O Capitalista brasileiro típico: entre o discurso do estado mínimo e o amor pelos benefícios públicos


 Em qualquer discussão sobre economia no Brasil, há um personagem que invariavelmente se apresenta como defensor intransigente do livre mercado: o "capitalista" brasileiro. Com um discurso afiado contra a burocracia estatal, os altos impostos e a suposta “intromissão” do governo na economia, ele se posiciona como o paladino do Estado mínimo. No entanto, a realidade, quando analisada de perto, mostra um perfil bastante peculiar – e contraditório – desse agente econômico.

O típico capitalista brasileiro é, antes de tudo, um entusiasta da intervenção estatal. Mas não para todos. Apenas para ele próprio – ou, no máximo, para seus pares. Se há algo que agrada profundamente esse capitalista é a generosidade do Estado, desde que vertida em forma de subsídios, isenções tributárias, incentivos fiscais ou contratos exclusivos com empresas públicas. Trata-se de uma figura que opera num mercado que, idealmente, deveria ser livre, mas que, na prática, é repleto de proteções construídas sob medida para seus interesses.
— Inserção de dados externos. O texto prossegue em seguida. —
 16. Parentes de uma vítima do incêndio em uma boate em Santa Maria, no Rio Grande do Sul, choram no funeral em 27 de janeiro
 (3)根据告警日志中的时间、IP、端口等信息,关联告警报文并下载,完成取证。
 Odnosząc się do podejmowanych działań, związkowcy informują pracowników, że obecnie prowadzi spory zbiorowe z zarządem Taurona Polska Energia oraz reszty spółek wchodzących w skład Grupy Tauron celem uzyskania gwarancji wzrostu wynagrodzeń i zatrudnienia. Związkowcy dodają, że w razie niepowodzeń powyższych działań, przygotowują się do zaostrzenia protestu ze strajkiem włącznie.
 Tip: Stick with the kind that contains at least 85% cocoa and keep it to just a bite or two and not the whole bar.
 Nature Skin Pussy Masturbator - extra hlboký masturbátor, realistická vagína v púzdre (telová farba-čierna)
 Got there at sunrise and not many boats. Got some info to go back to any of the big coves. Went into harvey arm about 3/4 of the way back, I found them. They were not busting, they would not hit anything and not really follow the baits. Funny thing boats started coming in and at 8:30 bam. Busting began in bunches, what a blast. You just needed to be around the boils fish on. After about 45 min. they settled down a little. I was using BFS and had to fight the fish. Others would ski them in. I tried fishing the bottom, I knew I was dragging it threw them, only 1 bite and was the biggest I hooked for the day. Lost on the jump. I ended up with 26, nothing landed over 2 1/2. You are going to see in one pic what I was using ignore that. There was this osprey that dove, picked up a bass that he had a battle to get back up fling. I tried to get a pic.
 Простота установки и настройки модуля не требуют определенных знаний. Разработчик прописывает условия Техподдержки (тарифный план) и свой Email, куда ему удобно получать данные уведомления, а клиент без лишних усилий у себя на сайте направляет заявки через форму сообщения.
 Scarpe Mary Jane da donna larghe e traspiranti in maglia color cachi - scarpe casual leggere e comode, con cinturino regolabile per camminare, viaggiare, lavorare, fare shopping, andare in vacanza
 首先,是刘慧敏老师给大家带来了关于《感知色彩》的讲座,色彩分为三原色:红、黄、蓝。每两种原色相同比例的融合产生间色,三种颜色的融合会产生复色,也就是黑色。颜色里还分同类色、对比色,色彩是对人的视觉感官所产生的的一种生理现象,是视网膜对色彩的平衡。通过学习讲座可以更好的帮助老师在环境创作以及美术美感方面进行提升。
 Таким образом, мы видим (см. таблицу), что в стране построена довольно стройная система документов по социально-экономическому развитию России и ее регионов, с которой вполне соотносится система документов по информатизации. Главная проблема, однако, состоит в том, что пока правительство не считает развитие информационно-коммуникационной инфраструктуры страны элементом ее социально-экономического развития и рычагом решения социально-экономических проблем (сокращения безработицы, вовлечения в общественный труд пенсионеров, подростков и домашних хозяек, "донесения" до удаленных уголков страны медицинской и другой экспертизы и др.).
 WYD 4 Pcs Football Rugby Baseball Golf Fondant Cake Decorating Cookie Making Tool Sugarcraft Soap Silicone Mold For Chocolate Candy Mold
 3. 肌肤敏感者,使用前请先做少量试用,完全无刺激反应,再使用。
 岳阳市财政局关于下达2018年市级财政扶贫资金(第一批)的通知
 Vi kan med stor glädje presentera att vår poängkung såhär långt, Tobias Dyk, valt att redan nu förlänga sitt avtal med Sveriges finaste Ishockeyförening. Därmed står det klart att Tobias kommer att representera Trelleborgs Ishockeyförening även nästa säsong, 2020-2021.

O discurso do Estado mínimo: teoria para os outros

A retórica liberal que clama por “menos Estado” é onipresente entre os representantes do alto empresariado nacional. Em seminários, editoriais e entrevistas, o capitalista típico brasileiro defende a desregulamentação de mercados, a redução da carga tributária e o enxugamento da máquina pública. Mas esse desejo de liberdade econômica tem um alvo muito específico: os pequenos empresários, os trabalhadores e o chamado "andar de baixo" da pirâmide social. Quando o assunto são seus próprios negócios, o discurso muda de tom.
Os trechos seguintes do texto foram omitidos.